:: SUPPLIED MATERIAL ::
____

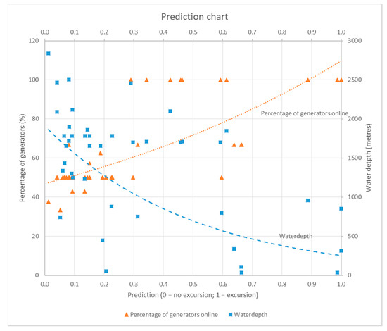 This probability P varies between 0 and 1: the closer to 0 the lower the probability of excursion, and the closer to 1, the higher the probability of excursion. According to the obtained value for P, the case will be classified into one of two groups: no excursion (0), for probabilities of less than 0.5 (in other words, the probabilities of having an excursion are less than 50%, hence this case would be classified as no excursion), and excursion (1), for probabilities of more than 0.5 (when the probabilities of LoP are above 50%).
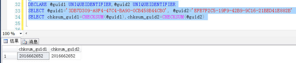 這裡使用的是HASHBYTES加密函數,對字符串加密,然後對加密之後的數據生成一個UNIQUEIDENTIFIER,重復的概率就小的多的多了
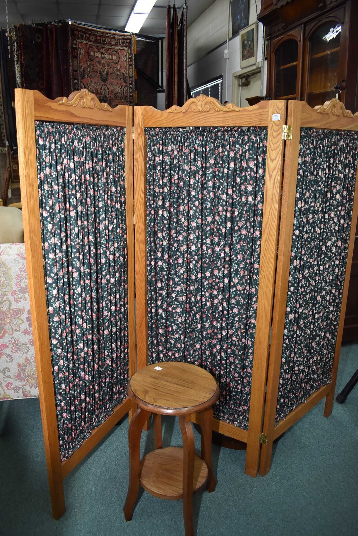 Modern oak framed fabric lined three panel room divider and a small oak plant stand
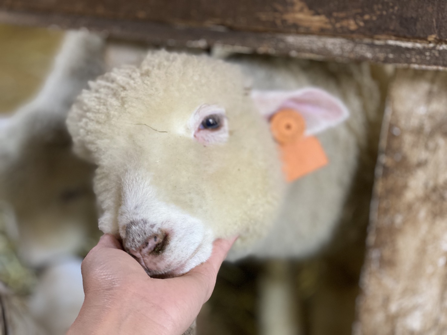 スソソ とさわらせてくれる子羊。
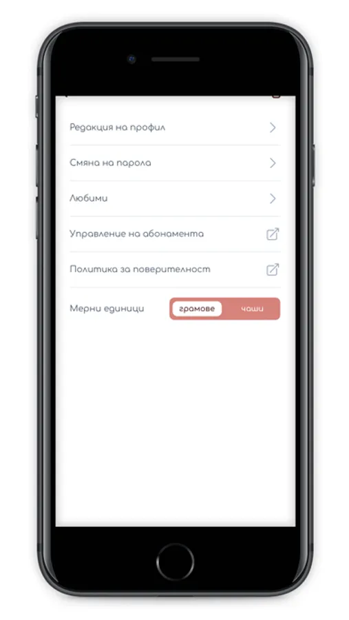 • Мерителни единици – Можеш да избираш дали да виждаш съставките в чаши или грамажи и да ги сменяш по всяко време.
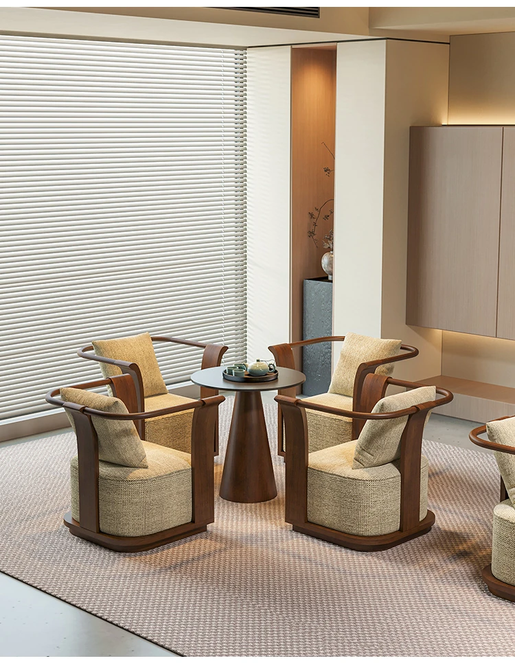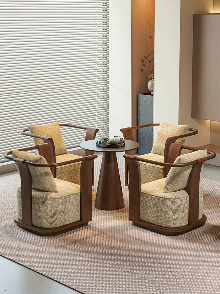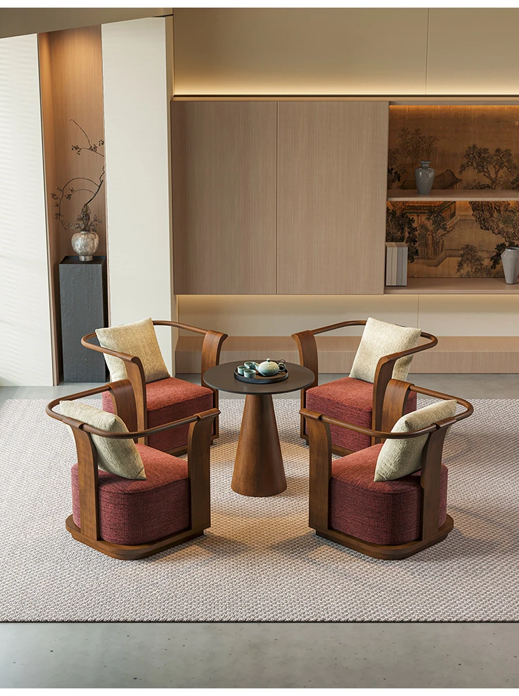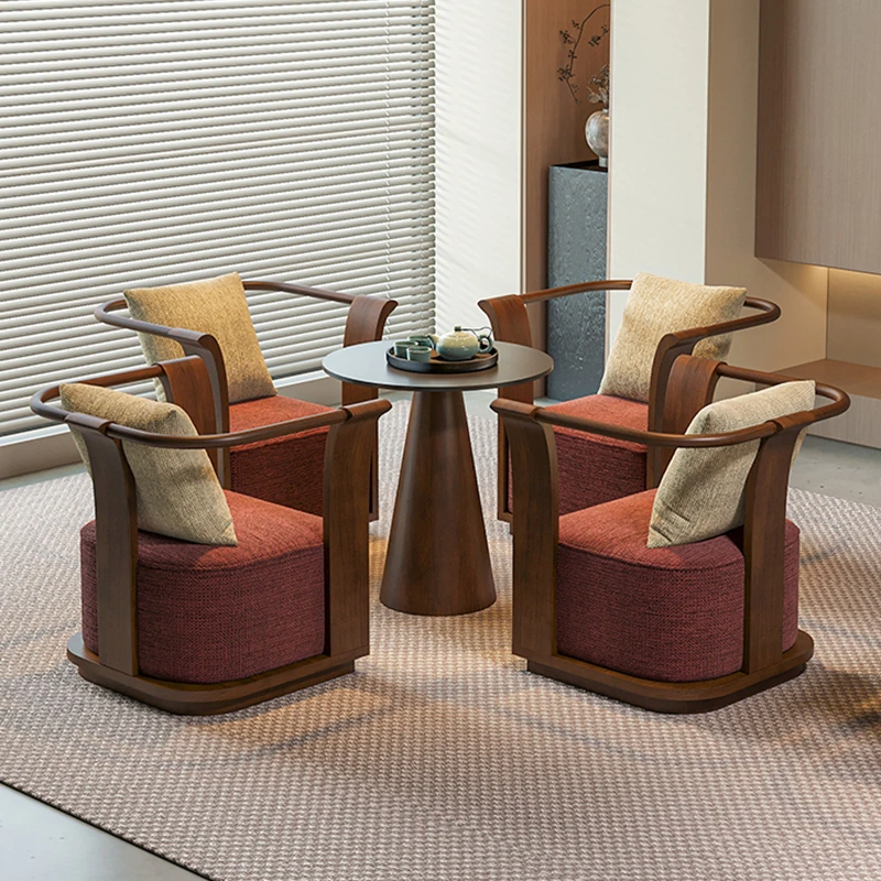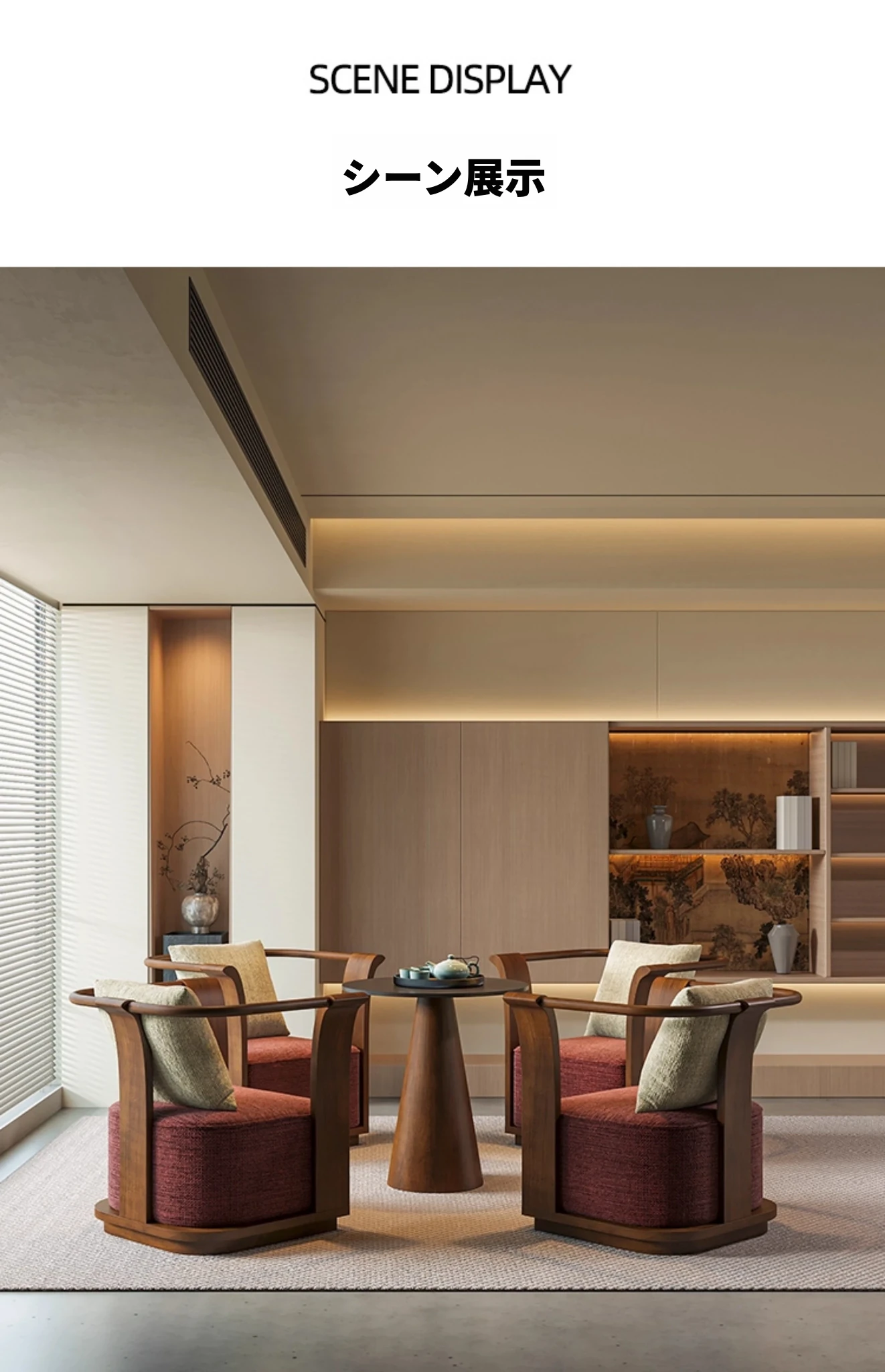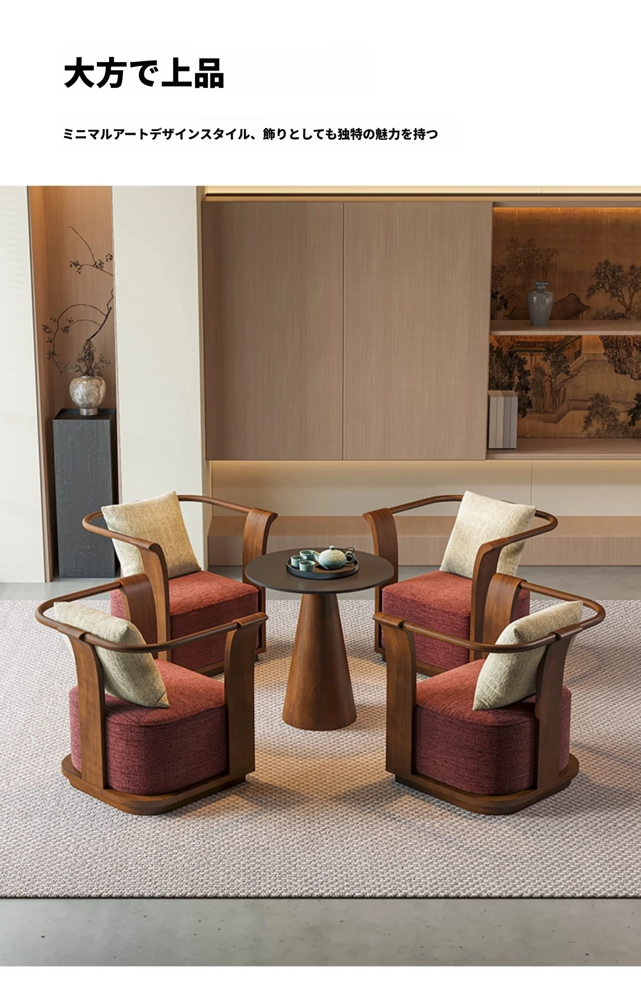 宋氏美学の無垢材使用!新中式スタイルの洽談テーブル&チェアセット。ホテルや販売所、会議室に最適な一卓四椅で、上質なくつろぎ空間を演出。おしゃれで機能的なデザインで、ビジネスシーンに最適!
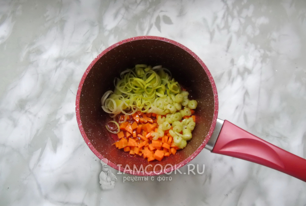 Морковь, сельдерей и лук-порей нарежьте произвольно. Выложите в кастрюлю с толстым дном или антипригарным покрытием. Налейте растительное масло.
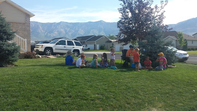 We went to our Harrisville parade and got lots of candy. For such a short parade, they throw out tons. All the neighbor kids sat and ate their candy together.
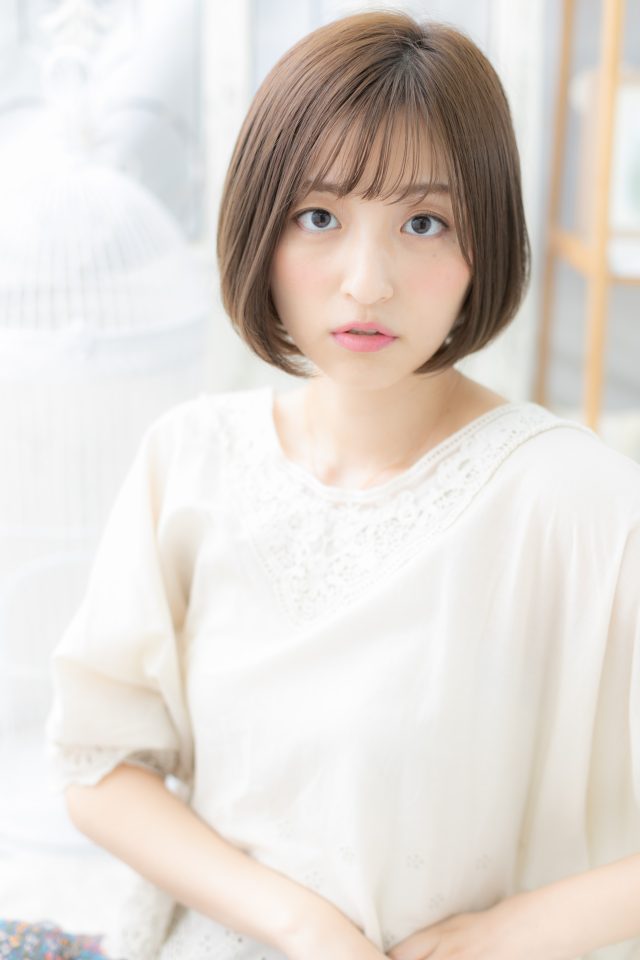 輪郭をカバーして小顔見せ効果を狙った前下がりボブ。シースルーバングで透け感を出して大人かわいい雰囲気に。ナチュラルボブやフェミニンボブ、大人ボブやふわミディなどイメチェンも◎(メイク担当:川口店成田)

____

:: ASSIGNMENT ::
What is needed is an exact copy of the lines above, from the one holding "這裡使用的是HASHBYTE" down to the one holding "宋氏美学の無垢材使用!新中式", with those two included and the pictures left out.

:: SOLUTION TO THIS PROBLEM ::
 這裡使用的是HASHBYTES加密函數,對字符串加密,然後對加密之後的數據生成一個UNIQUEIDENTIFIER,重復的概率就小的多的多了
 Modern oak framed fabric lined three panel room divider and a small oak plant stand
 スソソ とさわらせてくれる子羊。
 • Мерителни единици – Можеш да избираш дали да виждаш съставките в чаши или грамажи и да ги сменяш по всяко време.
 宋氏美学の無垢材使用!新中式スタイルの洽談テーブル&チェアセット。ホテルや販売所、会議室に最適な一卓四椅で、上質なくつろぎ空間を演出。おしゃれで機能的なデザインで、ビジネスシーンに最適!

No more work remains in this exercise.